In the early hours of Black Friday (November 28th) in Brazil, Serasa Experian, the first and largest datatech company in Brazil, detected 650,000 orders* placed up to noon in e-commerce, via digital transactions between national retail players. Of this total, which moved R$619,293,765.94, 912 purchases were identified as attempted scams, blocked by anti-fraud technologies. If they had been completed, they could have generated more than R$800,000 in losses for consumers and companies.
This date is one of the busiest on the Brazilian promotional calendar – and, in the first 12 hours, the value of purchases is already close to the total of the previous day, R$694 million. The numbers reflect the accelerated pace of online consumption and reinforce the importance of adopting robust authentication and identity verification technologies to guarantee secure experiences for consumers and businesses.

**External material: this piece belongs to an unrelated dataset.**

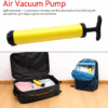 הכירו את משאבת הואקום הידנית שלנו, שתאפשר לכם לצמצם משמעותית את נפח הבגדים, הכריות והשמיכות. בעזרתה, תוכלו לחסוך מקום יקר בארונות, במזוודות ובמגירות.

Common scams and tips for prevention
According to data from the datatech company, the week of Black Friday 2024 saw a 260% increase in the creation of phishing pages compared to other weeks of the month. This method is a type of digital scam in which criminals simulate official websites or communications from companies to deceive users and capture sensitive data, such as passwords and payment information. Given the expectation of intense activity in e-commerce in 2025, the warning remains: this is the time when consumers must redouble their efforts regarding online security.
To consumers
• Ensure your documents, cell phone, and cards are secure and have strong passwords for accessing applications;
• Be wary of offers for products and services with prices far below market value. During these periods of major promotions, it is common for cybercriminals to use the names of well-known stores to try to hack into your computer and collect sensitive data. They use emails, SMS messages, and fake websites to try to collect information such as credit card details, passwords, and the buyer's personal information;
• Be careful with links and files shared in social media messaging groups. They may be malicious and redirect to unsafe pages, infecting devices with commands that operate without the user's knowledge;
• Register your Pix keys only through official bank channels, such as your banking app, online banking, or bank branches;
• Do not provide passwords or access codes outside of the bank's website or app;
• Include your personal information and card details only if you are certain that it is a secure environment;
• Monitor your CPF (Brazilian taxpayer ID) frequently to ensure you haven't been a victim of fraud.
Tips for businesses:
• Establish internal information security policies and guide employees on best practices, such as using strong passwords and participating in awareness training.
• Adopt encryption in data transmission to protect sensitive customer and company information from interception.
• Implement anti-fraud solutions to minimize financial and reputational risks. Having dedicated specialists and technologies makes your company better prepared to deal with sophisticated scams.
• Utilize layered prevention as a central strategy. Combined tools act at different points in the digital journey and are essential in the face of constantly evolving fraud.
• Invest in solutions that are continuously updated, ensuring data accuracy and greater resilience against new threats.
• Understand your user's behavior and reduce friction in the digital journey, without compromising security.
• Treat fraud prevention as a competitive advantage: well-orchestrated solutions increase security, reduce losses, and improve the shopping experience.
*The survey only considers transactions carried out between 00:00 and 12:00 on 11/28/2025 analyzed by Serasa Experian.